= Information shown =
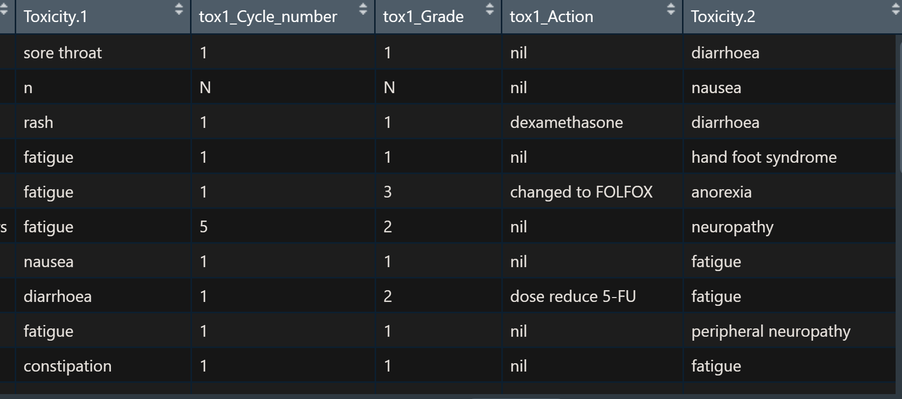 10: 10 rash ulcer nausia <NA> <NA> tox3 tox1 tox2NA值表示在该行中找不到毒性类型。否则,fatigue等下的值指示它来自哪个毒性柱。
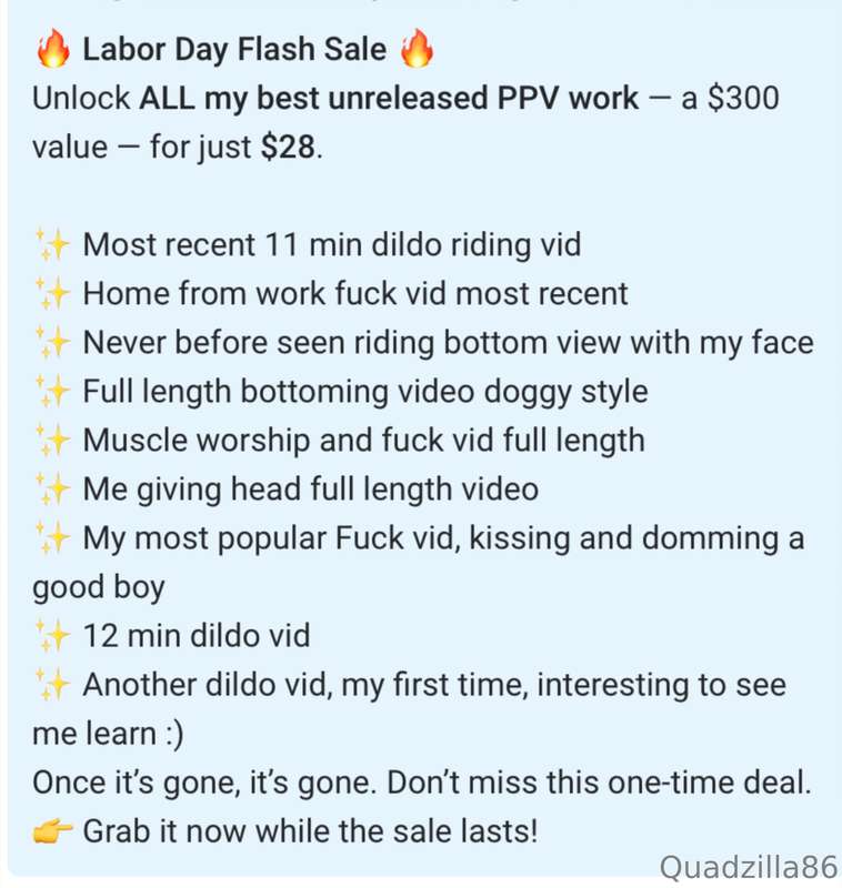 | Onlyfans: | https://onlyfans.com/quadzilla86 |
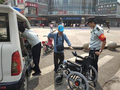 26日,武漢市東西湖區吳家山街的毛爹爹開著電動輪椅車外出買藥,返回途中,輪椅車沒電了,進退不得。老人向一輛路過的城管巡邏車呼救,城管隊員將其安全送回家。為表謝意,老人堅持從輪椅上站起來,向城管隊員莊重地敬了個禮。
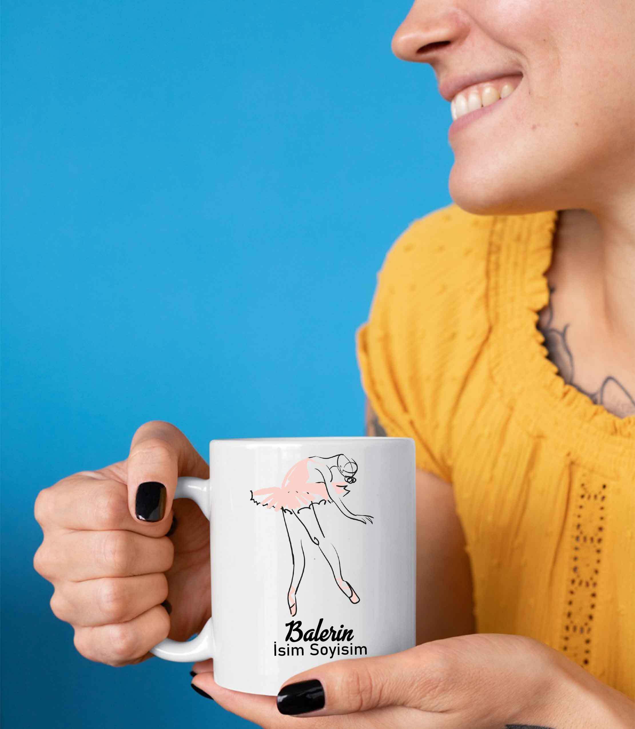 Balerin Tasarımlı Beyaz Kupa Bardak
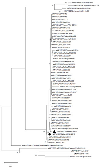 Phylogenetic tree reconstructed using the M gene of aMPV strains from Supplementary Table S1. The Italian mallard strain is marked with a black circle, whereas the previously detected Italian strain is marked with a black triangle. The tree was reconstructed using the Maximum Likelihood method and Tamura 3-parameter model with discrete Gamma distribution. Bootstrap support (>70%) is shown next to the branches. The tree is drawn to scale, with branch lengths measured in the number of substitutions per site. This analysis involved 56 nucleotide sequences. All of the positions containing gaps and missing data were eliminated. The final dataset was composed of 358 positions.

= What you should do =
Starting at the line that holds "Balerin Tasarımlı Beyaz Kupa Bardak", reproduce each line through the last one of the listing, and nothing more; the pictures stay out.

= Expected output =
 Balerin Tasarımlı Beyaz Kupa Bardak
 Phylogenetic tree reconstructed using the M gene of aMPV strains from Supplementary Table S1. The Italian mallard strain is marked with a black circle, whereas the previously detected Italian strain is marked with a black triangle. The tree was reconstructed using the Maximum Likelihood method and Tamura 3-parameter model with discrete Gamma distribution. Bootstrap support (>70%) is shown next to the branches. The tree is drawn to scale, with branch lengths measured in the number of substitutions per site. This analysis involved 56 nucleotide sequences. All of the positions containing gaps and missing data were eliminated. The final dataset was composed of 358 positions.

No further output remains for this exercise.